■ PROBLEM DETAILS: Using the listing below, print exactly everything from the line with "Bereit für ein" down to the line with "Austrian antique wooden", both included, and nothing more.

■ DATA TO EXAMINE:

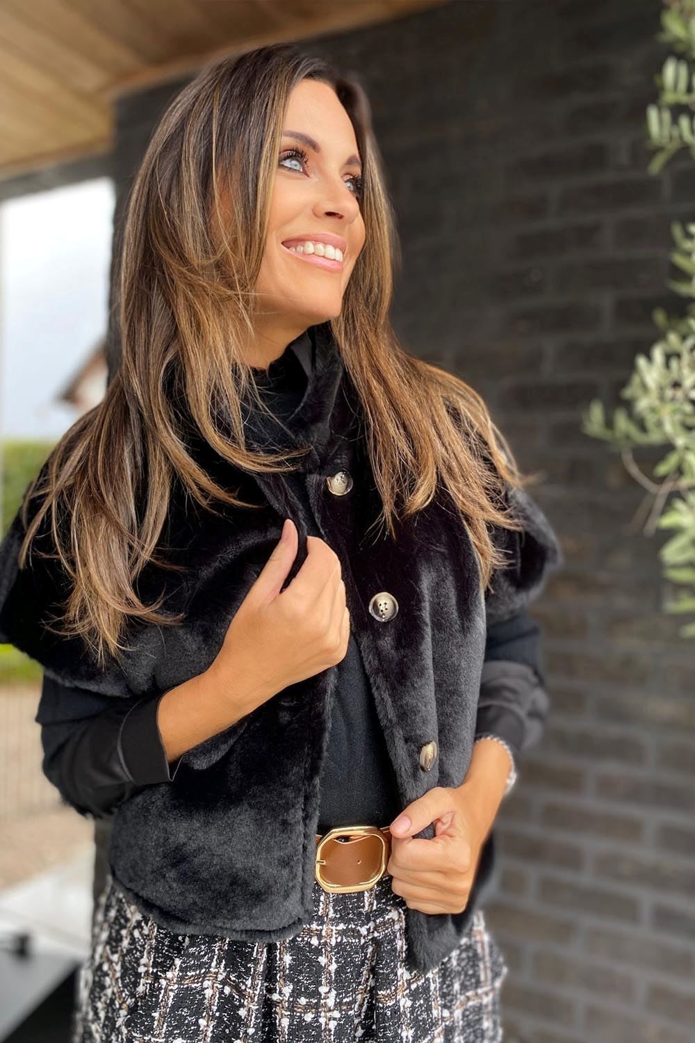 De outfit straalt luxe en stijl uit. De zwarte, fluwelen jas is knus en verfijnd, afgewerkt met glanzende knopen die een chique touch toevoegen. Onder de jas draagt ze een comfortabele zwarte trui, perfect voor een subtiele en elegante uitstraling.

* * *

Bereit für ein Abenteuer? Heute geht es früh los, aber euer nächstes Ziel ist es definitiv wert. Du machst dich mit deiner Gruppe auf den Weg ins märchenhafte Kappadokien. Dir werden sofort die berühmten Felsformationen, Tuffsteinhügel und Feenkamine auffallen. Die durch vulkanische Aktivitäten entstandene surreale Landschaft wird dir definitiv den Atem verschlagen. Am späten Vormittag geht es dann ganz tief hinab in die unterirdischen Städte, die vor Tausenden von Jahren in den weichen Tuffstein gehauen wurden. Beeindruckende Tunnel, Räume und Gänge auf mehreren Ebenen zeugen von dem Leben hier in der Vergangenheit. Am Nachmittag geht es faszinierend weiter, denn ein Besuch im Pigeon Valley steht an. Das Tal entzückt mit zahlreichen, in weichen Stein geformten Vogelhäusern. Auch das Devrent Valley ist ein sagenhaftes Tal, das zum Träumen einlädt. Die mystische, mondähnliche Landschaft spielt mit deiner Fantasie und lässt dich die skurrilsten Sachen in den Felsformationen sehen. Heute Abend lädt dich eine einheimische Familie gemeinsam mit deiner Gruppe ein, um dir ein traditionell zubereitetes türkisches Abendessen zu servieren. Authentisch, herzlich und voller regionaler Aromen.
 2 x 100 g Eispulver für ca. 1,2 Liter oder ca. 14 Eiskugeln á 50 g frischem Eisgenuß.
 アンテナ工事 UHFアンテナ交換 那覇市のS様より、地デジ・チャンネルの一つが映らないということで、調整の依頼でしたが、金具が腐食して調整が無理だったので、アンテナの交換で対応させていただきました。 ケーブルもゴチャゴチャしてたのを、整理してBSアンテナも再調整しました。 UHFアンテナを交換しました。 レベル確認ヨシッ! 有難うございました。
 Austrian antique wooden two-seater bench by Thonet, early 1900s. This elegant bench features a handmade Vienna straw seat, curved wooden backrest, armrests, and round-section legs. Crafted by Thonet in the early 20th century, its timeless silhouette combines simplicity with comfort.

■ RESPONSE BOX:
Bereit für ein Abenteuer? Heute geht es früh los, aber euer nächstes Ziel ist es definitiv wert. Du machst dich mit deiner Gruppe auf den Weg ins märchenhafte Kappadokien. Dir werden sofort die berühmten Felsformationen, Tuffsteinhügel und Feenkamine auffallen. Die durch vulkanische Aktivitäten entstandene surreale Landschaft wird dir definitiv den Atem verschlagen. Am späten Vormittag geht es dann ganz tief hinab in die unterirdischen Städte, die vor Tausenden von Jahren in den weichen Tuffstein gehauen wurden. Beeindruckende Tunnel, Räume und Gänge auf mehreren Ebenen zeugen von dem Leben hier in der Vergangenheit. Am Nachmittag geht es faszinierend weiter, denn ein Besuch im Pigeon Valley steht an. Das Tal entzückt mit zahlreichen, in weichen Stein geformten Vogelhäusern. Auch das Devrent Valley ist ein sagenhaftes Tal, das zum Träumen einlädt. Die mystische, mondähnliche Landschaft spielt mit deiner Fantasie und lässt dich die skurrilsten Sachen in den Felsformationen sehen. Heute Abend lädt dich eine einheimische Familie gemeinsam mit deiner Gruppe ein, um dir ein traditionell zubereitetes türkisches Abendessen zu servieren. Authentisch, herzlich und voller regionaler Aromen.
 2 x 100 g Eispulver für ca. 1,2 Liter oder ca. 14 Eiskugeln á 50 g frischem Eisgenuß.
 アンテナ工事 UHFアンテナ交換 那覇市のS様より、地デジ・チャンネルの一つが映らないということで、調整の依頼でしたが、金具が腐食して調整が無理だったので、アンテナの交換で対応させていただきました。 ケーブルもゴチャゴチャしてたのを、整理してBSアンテナも再調整しました。 UHFアンテナを交換しました。 レベル確認ヨシッ! 有難うございました。
 Austrian antique wooden two-seater bench by Thonet, early 1900s. This elegant bench features a handmade Vienna straw seat, curved wooden backrest, armrests, and round-section legs. Crafted by Thonet in the early 20th century, its timeless silhouette combines simplicity with comfort.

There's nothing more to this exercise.